Nuno Garoupa – Estou preocupado que não haja resultado [claro] das eleições, já não digo na noite eleitoral, mas na semana a seguir à noite eleitoral. Essa é a minha preocupação. Tenho as minhas preferências e não sou particularmente fã de nenhum dos candidatos, mas nunca votaria Trump porque acho que o que aconteceu a 6 de janeiro de 2021 elimina qualquer possibilidade de se poder votar num candidato que não aceita uma derrota eleitoral. O ideal é que quem ganhasse, ganhasse por uma margem tal que não haja qualquer dúvida que ganhou. Infelizmente, parece-me que não vamos ter nem Harris, nem Trump a ganhar por essa margem, e isto pode acabar nos tribunais, pode acabar numa grande confusão outra vez e isso é que é péssimo para a democracia. Infelizmente, penso que isso é um cenário muito provável.
JPN – Existe, na sua comunidade, essa perceção de que estas eleições podem representar, de facto, um perigo para a democracia americana?
Nuno Garoupa – Acho que sim, não no sentido de que um candidato seja um perigo para a democracia, mas no sentido em que uma democracia não pode viver se as eleições não produzem candidatos vencedores e candidatos derrotados de forma clara. Isso, de facto, é uma ameaça à democracia. Se começamos a viver um pântano em que não se percebe quem ganha ou quem perde, isso deslegitima a democracia e é um problema para todos.
JPN – Quais é que vão ser os principais desafios que o país vai enfrentar depois de conhecer os resultados eleitorais?

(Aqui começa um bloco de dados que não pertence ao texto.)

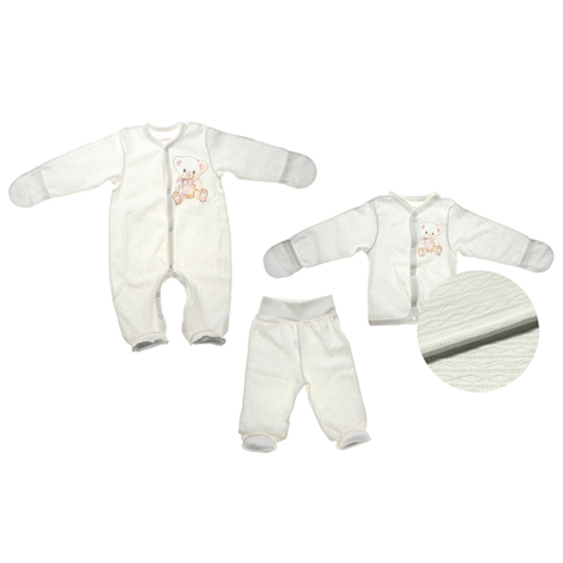 Чудесный комплект одежды для новорожденных малышей из трех предметов - комбинезон, кофточка и штанишки, с легкостью справится с функциями домашней одежды.

Nuno Garoupa – Partindo do princípio que se resolve a questão de quem ganhou e quem perdeu, porque isso vai ser o grande desafio que pode durar até janeiro. Mas partindo do princípio de que isso fica arrumado e uma vez que haja uma equipa de transição, seja ela do Trump, seja da Harris, os grandes desafios são a questão das políticas de imigração, que têm de ser clarificadas. E há uma grande questão que neste momento é uma grande incógnita, logo imediata, que é a questão da guerra na Ucrânia. Porque Trump tem insistido que não haverá mais financiamento à guerra da Ucrânia, e isso tem de ser clarificado. Até diria que isso pode ter consequências negativas para os europeus, antes de ter consequências negativas para os norte-americanos. Portanto, essas duas questões vão ter que estar clarificadas muito rapidamente. Depois há questões como saber como é que se vai fazer o novo orçamento, porque aqui não temos o problema de Portugal, que não sabia como é que passava este orçamento, mas temos todos os anos, em junho, o problema do shutdown do governo, porque não há acordo sobre como pagar a dívida e essa questão também vai ter de ser clarificada. Finalmente, vamos ter de ver que maiorias é que há no Congresso, porque se se mantiver a atual composição, a Câmara Republicana e o Senado Democrata, não vai haver legislação. Ou seja, vamos continuar outros dois anos sem grande legislação nos Estados Unidos.